[GIVEN DATA]
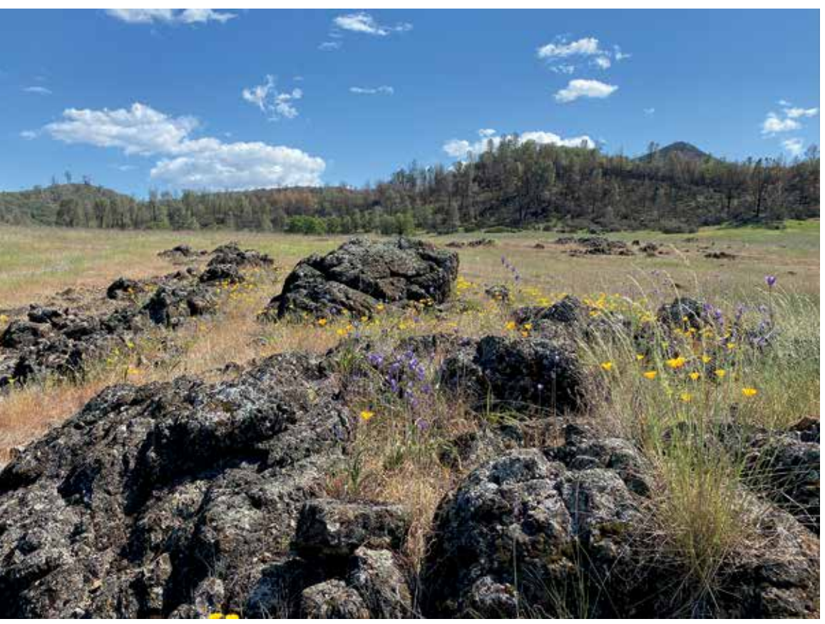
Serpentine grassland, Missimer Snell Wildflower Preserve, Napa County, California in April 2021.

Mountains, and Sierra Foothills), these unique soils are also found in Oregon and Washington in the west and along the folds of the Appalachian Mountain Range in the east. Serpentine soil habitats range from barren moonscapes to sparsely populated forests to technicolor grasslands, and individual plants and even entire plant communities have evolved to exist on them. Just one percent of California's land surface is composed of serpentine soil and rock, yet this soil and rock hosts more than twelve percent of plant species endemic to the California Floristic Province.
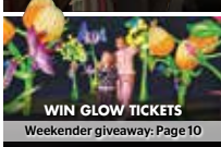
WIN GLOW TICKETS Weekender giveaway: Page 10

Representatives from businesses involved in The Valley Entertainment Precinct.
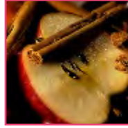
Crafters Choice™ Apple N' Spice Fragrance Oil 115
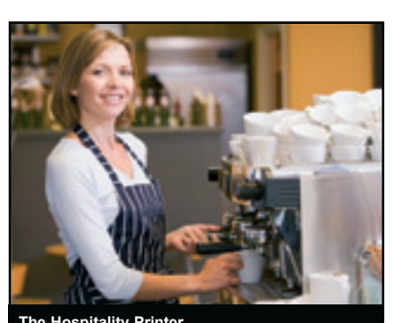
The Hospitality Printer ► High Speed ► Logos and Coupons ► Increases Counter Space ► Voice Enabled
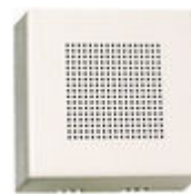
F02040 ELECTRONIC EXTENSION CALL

* * *

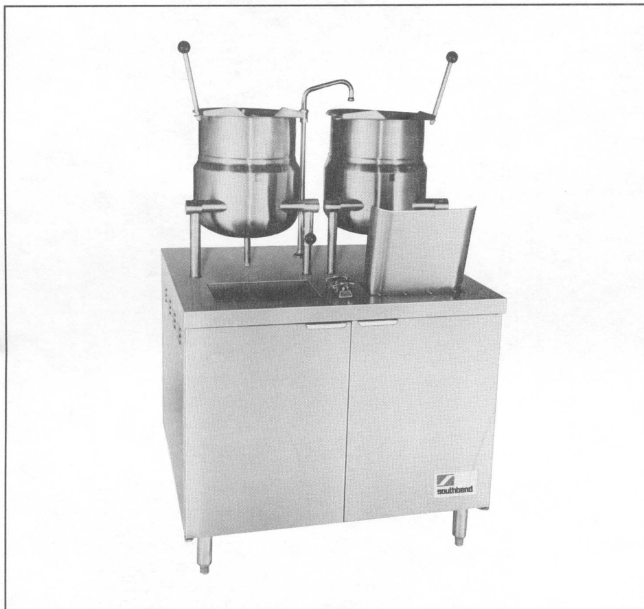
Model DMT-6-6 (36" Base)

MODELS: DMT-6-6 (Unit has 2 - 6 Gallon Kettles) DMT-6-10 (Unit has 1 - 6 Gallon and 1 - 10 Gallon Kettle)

[WHAT IS REQUIRED] Range to print from the listing above: from the line with "The Hospitality Printer" up to and including the line with "F02040 ELECTRONIC EXTENSION CALL". Please print those lines exactly, with no pictures and nothing more.

[ANSWER SECTION]
The Hospitality Printer ► High Speed ► Logos and Coupons ► Increases Counter Space ► Voice Enabled
F02040 ELECTRONIC EXTENSION CALL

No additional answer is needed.